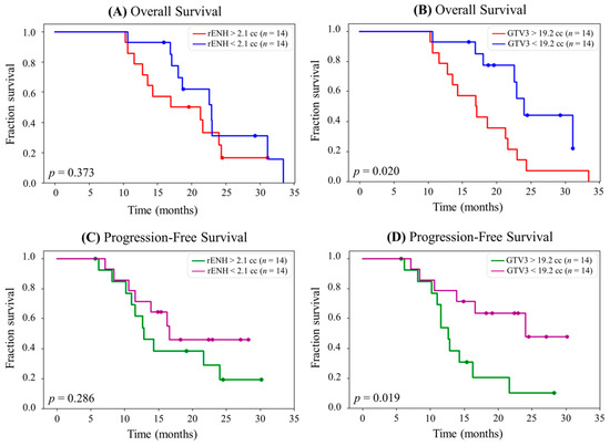 (A) Kaplan–Meier survival curve for overall survival (OS) stratified into equal groups by the median residual contrast-enhancing (rENH) tumor volume (2.1 cc). The median OS for patients with rENH > 2.1 cc is 21.3 months, and the median for OS for patients with rENH < 2.1 cc is 23.0 months. Of note, the assessment only included 28 of 30 patients from the study (2 were excluded due to harboring IDH1 mutation) (B) Kaplan–Meier survival curve for OS stratified into equal groups by the median gross tumor volume 3 (GTV3) (19.2 cc). The median OS for patients with GTV3 > 19.2 cc is 17.1 months, and the median OS for patients with GTV3 < 19.2 cc is 27.4 months. (C) Kaplan–Meier survival curve for progression-free survival (PFS) stratified into equal groups by the median rENH tumor volume (2.1 cc). The median PFS for patients with rENH > 2.1 cc is 12.8 months, and the median PFS for patients with rENH < 2.1 cc is 19.0 months. (D) Kaplan–Meier survival curve for PFS stratified into equal groups by the median GTV3 (19.2 cc). The median PFS for patients with GTV3 > 19.2 cc is 12.6 months, and the median PFS for patients with GTV3 < 19.2 cc is 24.0 months. Originally published in the following reference [60].
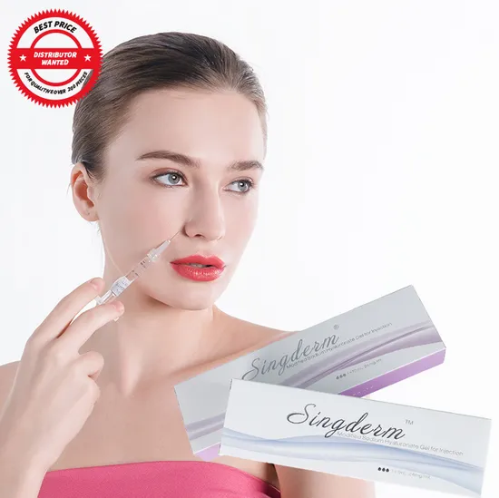 1). Effective a. good volume High viscoelasticity, not easy to shift deformation caused by external force. and strong support, keep good volume. b. Long duration The high concentration of 24mg / ml and crosslinked polymer network structure are not easy to be degraded, and can last more than 12 months. | 2). Safety c. Our Material is approved by American FDA and European EDQM. d. With the terminal sterilization, can ensure the sterility of 106 level ; Use BD hylokTM syringe, with smooth injection and good sealing. Multiple process ensures safety. e. Good biocompatibility Streptococcus fermentation, Non - animal origin , osmotic pressure and pH value close to human body, greatly reducing the probability of swelling. | 3). Soft and natural, relaxed injection experience f. Singderm uses single-phase cross-linking technology, is smooth and uniform, no particle foreign body feeling, soft texture. g. It contains 0.3% lidocaine, which can effectively reduce the pain caused by injection. |
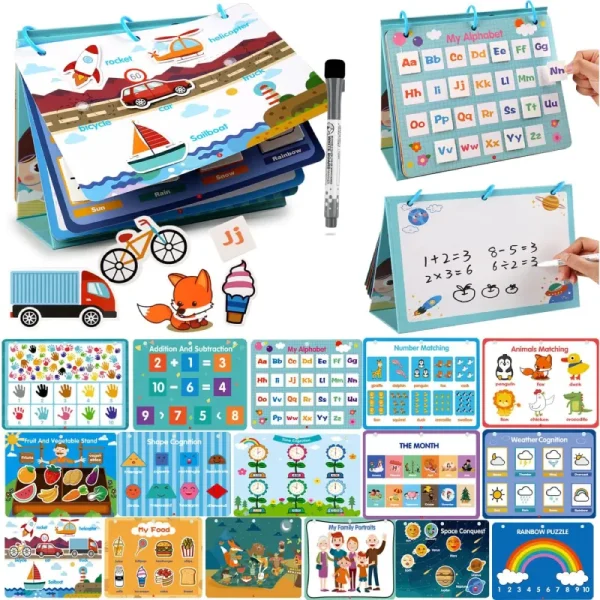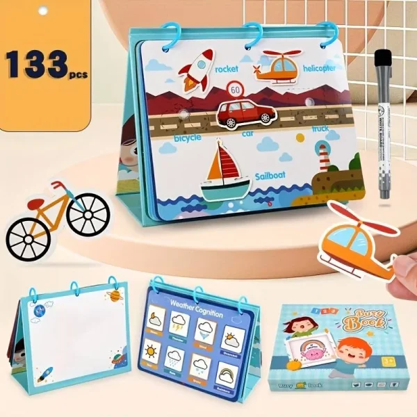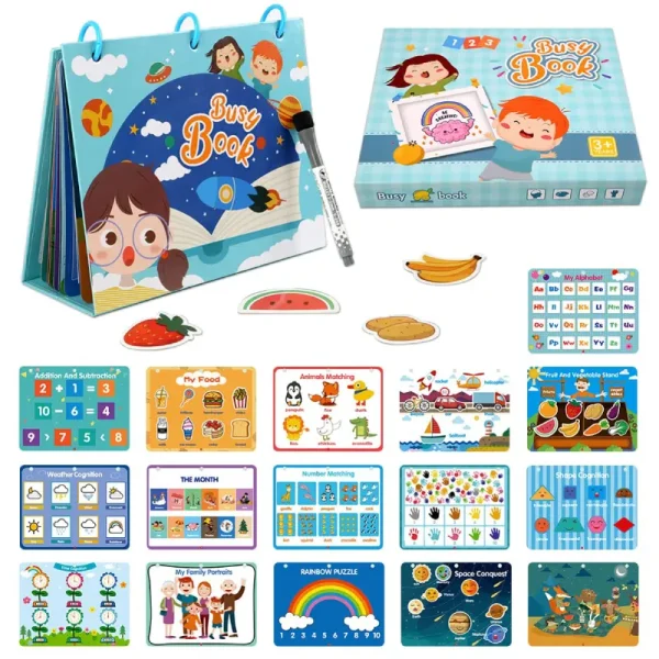 Busy Book cu activități Montessori pentru grădiniță este o jucărie educativă și interactivă care conține mai multe pagini sau activități diferite, concepute pentru a ajuta copiii să învețe și să dezvolte o varietate de abilități și cunoștințe.
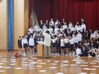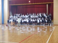 パート別のアルトの練習です。体を動かすことで,リズムや音程がとりやすくなったようです。
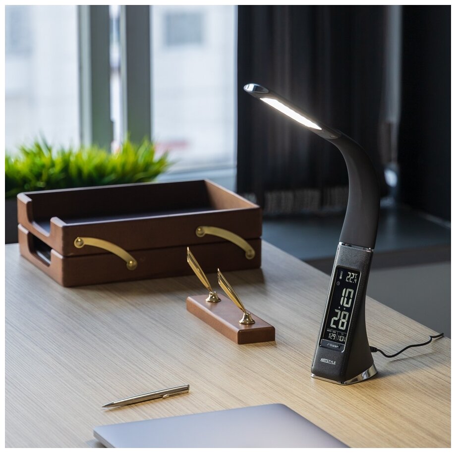 Светильник настольный на подставке Artstyle TL-219B, 6Вт, LED, сенс. упр. часы, календарь, черный, 271415
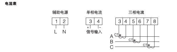 標準輸入電流:0-1Adc、0-5Adc.大于5A的情況應使用外部CT,通過CT擴展量程設置,訂貨時說明)
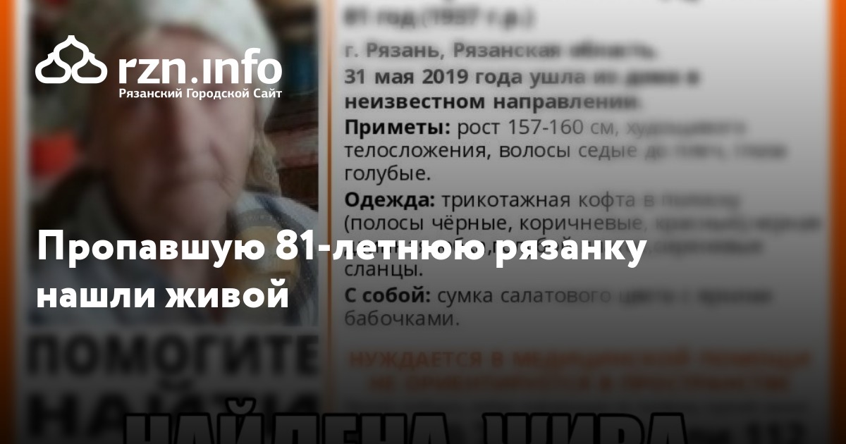 Пропавшую 81-летнюю рязанку нашли живой. Об этом сообщили в группе «».
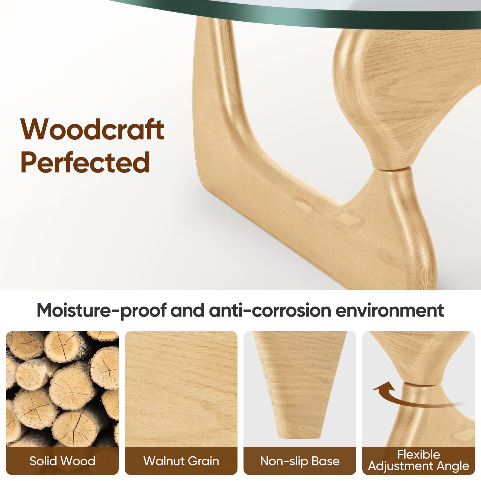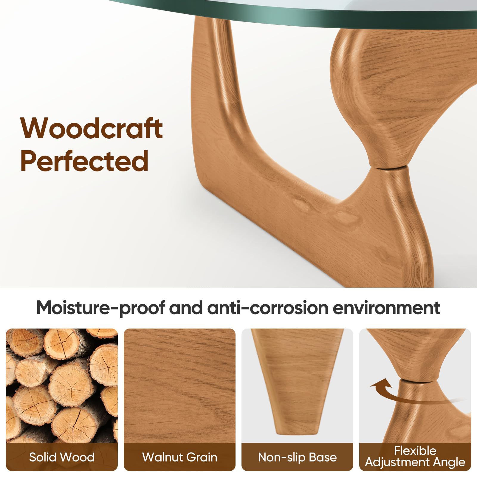 - Premium Glass & Wood Construction: A thick, clear tempered glass top is paired with a solid hardwood base for both elegance and strength. The glass surface is heat- and scratch-resistant and the interlocking wood frame provides sturdy support, ensuring durable everyday use.

★ ★ ★ ★ ★ ★ ★

### INSTRUCTIONS FOR THE TASK
Which lines run from the one holding "Busy Book cu" through the end of the records? Reproduce them word for word, both ends included, with no pictures.

### WRITTEN REPLY
 Busy Book cu activități Montessori pentru grădiniță este o jucărie educativă și interactivă care conține mai multe pagini sau activități diferite, concepute pentru a ajuta copiii să învețe și să dezvolte o varietate de abilități și cunoștințe.
 パート別のアルトの練習です。体を動かすことで,リズムや音程がとりやすくなったようです。
 Светильник настольный на подставке Artstyle TL-219B, 6Вт, LED, сенс. упр. часы, календарь, черный, 271415
 標準輸入電流:0-1Adc、0-5Adc.大于5A的情況應使用外部CT,通過CT擴展量程設置,訂貨時說明)
 Пропавшую 81-летнюю рязанку нашли живой. Об этом сообщили в группе «».
 - Premium Glass & Wood Construction: A thick, clear tempered glass top is paired with a solid hardwood base for both elegance and strength. The glass surface is heat- and scratch-resistant and the interlocking wood frame provides sturdy support, ensuring durable everyday use.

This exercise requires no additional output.